Sex-negativity wins in a default because the sex-positive advocates are too afraid to show up.  Or worse, we get represented by counsellors who do most of their work with people having problems and that becomes the narrative. Rather than sensation seeking — a curious, exploratory, energetic drive — we get stories about sexual compulsivity and porn addiction.

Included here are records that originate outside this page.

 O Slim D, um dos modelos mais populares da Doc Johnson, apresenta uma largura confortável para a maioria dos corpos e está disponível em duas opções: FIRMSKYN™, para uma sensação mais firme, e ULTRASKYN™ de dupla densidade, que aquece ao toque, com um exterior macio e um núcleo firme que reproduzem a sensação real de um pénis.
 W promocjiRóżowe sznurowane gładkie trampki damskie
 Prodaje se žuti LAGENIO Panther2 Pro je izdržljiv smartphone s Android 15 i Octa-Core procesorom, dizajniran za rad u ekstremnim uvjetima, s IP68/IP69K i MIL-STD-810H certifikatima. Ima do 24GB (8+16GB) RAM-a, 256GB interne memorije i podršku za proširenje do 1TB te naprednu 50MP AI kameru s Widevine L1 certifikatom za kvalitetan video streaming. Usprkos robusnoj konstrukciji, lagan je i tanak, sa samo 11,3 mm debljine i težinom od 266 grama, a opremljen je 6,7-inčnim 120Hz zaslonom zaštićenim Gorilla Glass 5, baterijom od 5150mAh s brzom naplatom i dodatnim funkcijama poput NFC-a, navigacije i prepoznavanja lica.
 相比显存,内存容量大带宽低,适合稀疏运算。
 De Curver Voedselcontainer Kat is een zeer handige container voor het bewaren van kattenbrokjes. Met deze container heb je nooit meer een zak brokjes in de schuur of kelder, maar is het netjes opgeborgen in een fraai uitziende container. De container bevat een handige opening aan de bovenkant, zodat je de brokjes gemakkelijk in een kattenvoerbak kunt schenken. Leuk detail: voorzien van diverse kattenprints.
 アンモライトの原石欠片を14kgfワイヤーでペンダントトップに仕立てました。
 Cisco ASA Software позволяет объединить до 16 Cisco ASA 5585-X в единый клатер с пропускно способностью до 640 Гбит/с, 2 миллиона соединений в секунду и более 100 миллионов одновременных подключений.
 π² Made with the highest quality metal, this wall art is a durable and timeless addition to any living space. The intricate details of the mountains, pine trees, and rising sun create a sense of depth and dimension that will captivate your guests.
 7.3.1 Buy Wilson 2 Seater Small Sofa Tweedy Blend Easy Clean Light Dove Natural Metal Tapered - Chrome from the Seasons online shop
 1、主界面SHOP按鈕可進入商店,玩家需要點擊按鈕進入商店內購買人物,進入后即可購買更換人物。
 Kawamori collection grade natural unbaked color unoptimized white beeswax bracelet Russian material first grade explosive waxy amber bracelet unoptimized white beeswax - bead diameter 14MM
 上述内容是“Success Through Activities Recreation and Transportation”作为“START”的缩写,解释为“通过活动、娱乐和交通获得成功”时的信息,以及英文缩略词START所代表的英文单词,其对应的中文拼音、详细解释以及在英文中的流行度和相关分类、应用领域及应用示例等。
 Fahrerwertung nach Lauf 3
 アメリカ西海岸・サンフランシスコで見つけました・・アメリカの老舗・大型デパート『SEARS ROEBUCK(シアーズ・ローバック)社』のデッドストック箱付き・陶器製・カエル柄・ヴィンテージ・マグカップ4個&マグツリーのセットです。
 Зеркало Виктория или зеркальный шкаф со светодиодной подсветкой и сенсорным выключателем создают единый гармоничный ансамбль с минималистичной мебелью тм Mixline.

I wrote the paragraph above on Friday, and on Saturday I found this article about porn addiction by Julia Medew (of course) in The Age (of course).  Some experts estimate… some doctors believe… a growing number of sexologists have reported…  This is a Fox News version of health reporting.  All the ingredients you need to write that story are there:

  • A factoid: one in ten people who use porn becomes addicted, apparently.
  • Some human colour: “Like most men, Hugh Martin’s first encounter with porn was accidental.”
  • An expert opinion: “A leading sex therapist” says “I believe the brain is plastic”.

For all we know, Medew shopped around any number of academics looking for a quote to fit her hackneyed angle, and all of them, perhaps wisely, refused to provide one, or gave one that didn’t fit the narrative and so didn’t get a mention.

For academics, engaging with the media around sex and sexuality must be incredibly frustrating.  There is no shortage of really shitty reporting about sex.  The challenge calls to mind a distinction made by de Certeau: elites have strategy, the rest of us have only tactics.  There is no ‘media strategy’ that will, once and for all, ‘address the problem’ of sex-negative media coverage.  That’s wishful thinking.

Instead, it’s like one big game of whack-a-mole, slapping down crappy articles with whatever works in the moment.  Thank goodness there’s nothing really serious at stake — just the future of comprehensive sex education in schools and policy support for frank, sexy HIV prevention campaigns.  It’s a game we need to get good at, and that will only happen when we get out on the field.